I had just read a response to my comment on the Education Malaysia blog. In it, the author claimed that I was “out of sync”. So, this got me thinking if I am truly out-of-sync with our education issues. Granted, I have left school for more than a decade and I do not have any school going children. However, the issue of Chinese schools being better than National schools have been ongoing since before I went to school. So, while the players may have changed, the arguments have not changed much.
Sigh. Ad nauseum
The reason that I had pointed out John Lee’s statement is because I doubt that either Kian Ming or Tony Pua would have made sweeping statements like he did without the numbers to back them up. In fact, that is all I was asking for – the necessary facts to back up his statement. As evident in some of my previous posts, I’m biased because I personally think that all vernacular schools in Malaysia should be shut down.
But the question here is whether or not I am in-sync or out-of-sync.
Anyone who reads Coltz’s reply to my statement can immediately see that he does not have any numbers to back up his statement either. He has to infer that that Chinese schools are better from a bunch of disconnected ‘facts’. Or are they? Correlation does not imply causation.
Firstly, he pointed out crime rates in schools. While I am not sure if the police actually publish statistics down to that level of granularity, I do have a simple answer to his assertion. There are more delinquents in national schools simply because the national school delinquents still bother to go to school. The Chinese school delinquents would have dropped out of school by then and are busy peddling VCDs in the market or earning some other form of work. That takes care of your bottom 30%.
Secondly, he posited that based on the National Math Olympiad results, there are a disproportionate number of top Chinese schools as opposed to National schools. So, I just quickly browsed through the list and this got me wondering, where were all the top National schools. Then, I suddenly recalled something from my past. My school never joined any National Math Olympiad. Instead, we joine the International Math Olympiad. I did okay enough. Granted, I do not know if this was still the practice today, but it is a possibility.
Thirdly, his assertion that Chinese schools have the ability to fire incompetent teachers, which may result in better teachers. Well, I would like to point out the fact that many of the Chinese schools do not even have teachers whom were qualified to be trained as teachers in the first place. Many of them enter teaching by first becoming a volunteer/substitute teacher at schools and then use that experience to then have the schools forward them for teacher training before being assigned as permanent teachers. This does not happen in national schools, which largely get teachers straight out of teacher training colleges.
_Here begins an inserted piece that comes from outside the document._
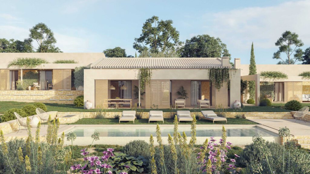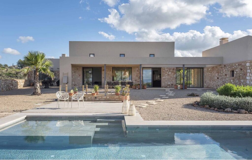 Una finca de estética esencial, en la que se ha trabajado intensamente la orientación y la compacidad volumétrica para reducir la demanda energética al mínimo. La vivienda se entierra parcialmente, aprovechando la inercia térmica del terreno, y se protege con muros de piedra tradicional reinterpretados con soluciones técnicas de última generación. Son Rullan es la prueba de que lo rural también puede ser sofisticado y eficiente.

However, which is better is open to debate.
So, I’m not quite sure if I am in-sync or out-of-sync. Personally, I would like to think that my personal background does give me some insight into the system that I would otherwise not have.
1. This is a common argument in support of public schools, which I will not deny: delinquents tend to stay in public systems instead of out, and hence dragging down the overall image/statistics/atmosphere. Sure, it’s not “fair”. If I am an average student/parent though, what do I care? Do I want my kids to grow up with druggies in the gates or not? As far as school quality goes, that’s what most people care, regardless of whether the school achieved that through selectivity or not. Sorry public schools.
*Note that Chinese schools in general do not usually “drop” people due to poor performance alone (except a few notable ones), people are frustrated because they can’t advance a grade (rightly unqualified to do so) and they drop themselves out.
2. Interesting, as far as what I know from my school the country as a whole sends out international olympiad teams, not schools. Guess your school is/was better informed/endowed?
3. The interesting thing is that the so called “qualification” does not necessarily better prepare one for teaching than a combination of passion and on-the-job-training. I would not know what kind of training they went through in college, and hence cannot comment on how competent/incompetent it has made them. An identical situation is going on here in the US though, with the “properly trained” teachers crying foul because school systems are weeding out the worst among them and replacing them with Teach for America candidates. Lack of oversight can go a long way towards breeding incompetence, never underestimate it.
1. If you are an average parent, you will want your child to get the best opportunities that they can get in life. Except for the overseas minority, your child will have to live and work in Malaysia. In such a context, your child would be disadvantaged as he/she is likely to be less proficient in the English/Malay languages.
2. What I meant to say was that my school focused on the International Math Olympiad qualifiers instead of the National Math Olympiad. Things may or may not have changed now. The two things were separate.
3. That is why I said it was debatable. One group does not care while the other group does not know. Obviously, it would be best to get teachers who are both passionate and did well in school themselves. But when you have to pick one or the other, it is less clear which is better.